The items of a linked list keep a reference to their successor, so we can easily walk through the entire list. However we don’t have direct access to its elements. Thus we can’t go directly to its middle element! Even more – in particular implementations of a linked list we don’t know its length. But in some cases linked lists are far more effective than arrays. For instance reversing an array of non-numeric values require constant additional memory, but also requires n/2 exchanges. The same taks using linked lists is not only performed in linear time, but doesn’t require any additional memory. The only thing we need to do is to reverse the links – no movement of values and the items remain at the same place in the memory.
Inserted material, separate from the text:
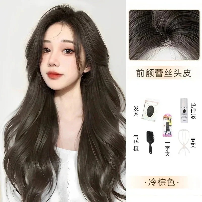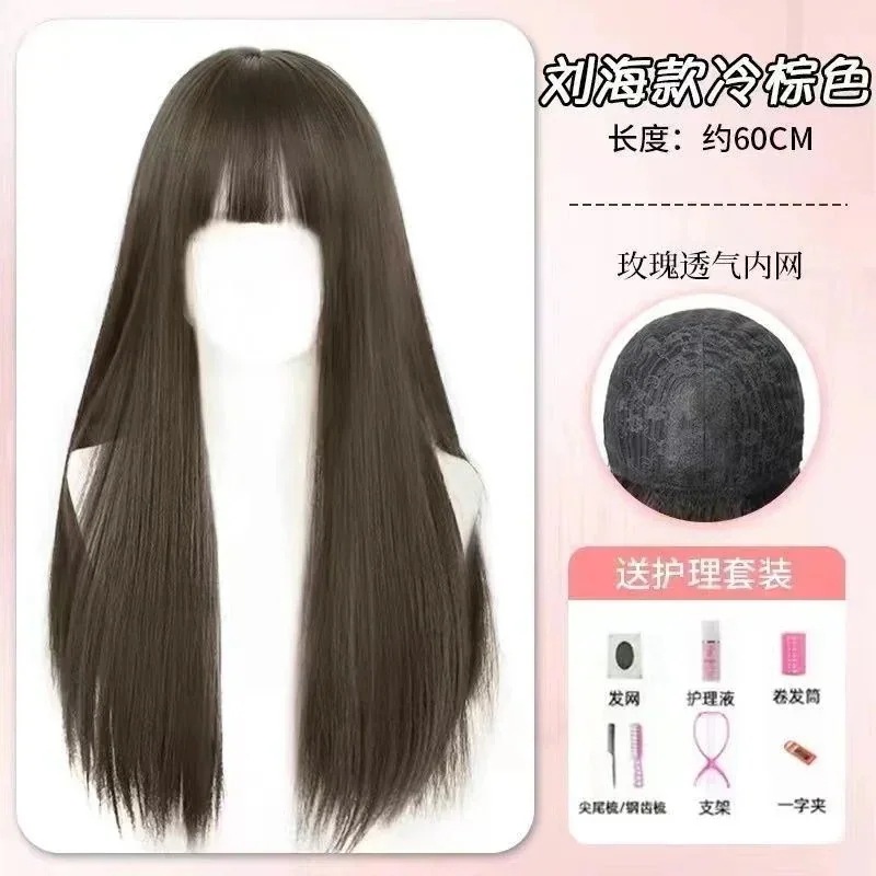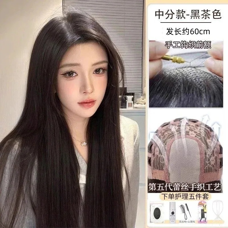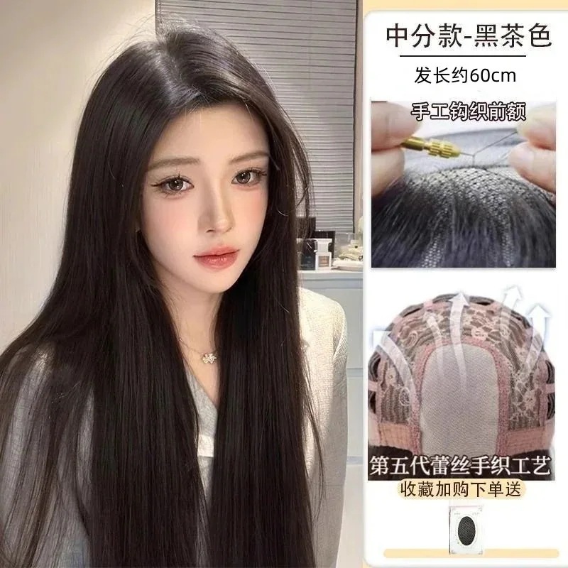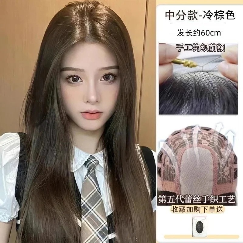 ハロウィン コスプレ フルウィッグロングヘアーフロントレースのオールインワンセット自然なミディアムロングストレートヘアーウィッグをシミュレーション

Merging of two arrays often require more space (proportional of the space of the two arrays) or many exchanges in case we try to do it in place. The same task on linked lists is far more effective with only changing pointers and without moving the values.

Arrays or Linked Lists are More Memory Efficient

Many developers consider linked lists as something used only in college, but actually they can be very useful in practice as well. However how practically useful they are? Let’s see the following PHP experiment.

Here we have one class called “Item”, which is designed to keep only one integer value as its key and to point to its successor. Practically this class is designed to be used by a singly linked list, but let say we put some of these objects into an array and the same amount of the “Item” objects into a linked lists so what are the results?

First let’s see the code!

class Item
{
    protected $_key = '';
    protected $_next = null;
 
    public function __construct($key)
    {
        $this->_key = $key;
    }
 
    public function setNext(&$next) { $this->_next = $next; }
    public function &getNext() { return $this->_next; }
 
    public function setKey($key) { $this->_key = $key; }
    public function getKey() { return $this->_key; }
 
    public function __toString()
    {
        return $this->_key . "\n";
    }
}

This is the “Item” class and here we have the Linked_List class. As you can see this is the very basic implementation of a linked list with only one “insert” method and the magic __toString() in order to print the entire list. The insert method pushes an item at the end of the list thus the insertion is O(1).

class Linked_List 
{
    protected $_head = null;
    protected $_tail = null;
 
    public function insert($item)
    {
        if ($this->_head == null) {
            $this->_head = $item;
            $this->_tail = $item;
            return;
        }
 
        $this->_tail->setNext($item);
        $this->_tail = $item;
    }
 
    public function __toString()
    {
        $current = $this->_head;
        $output = '';
 
        while ($current) {
            $output .= $current->getKey() . "\n";
            $current = $current->getNext();
        }
 
        return $output;
    }
}

Now let’s see the creation of an array with N objects of class “Item”.

$n = 10000;
$a = array();
for ($i = 0; $i < $n; $i++) {
    $a[$i] = new Item($i);
}

The same thing but using the Linked_List class follows on the lines below.

$n = 10000;
$a = new Linked_List();
for ($i = 0; $i < $n; $i++) {
    $a->insert(new Item($i));
}

And the Winner is …

More memory efficient is … the linked list! On the next chart we can see the results. It’s clear that for 10K objects the array uses nearly 1MB more memory than the linked list!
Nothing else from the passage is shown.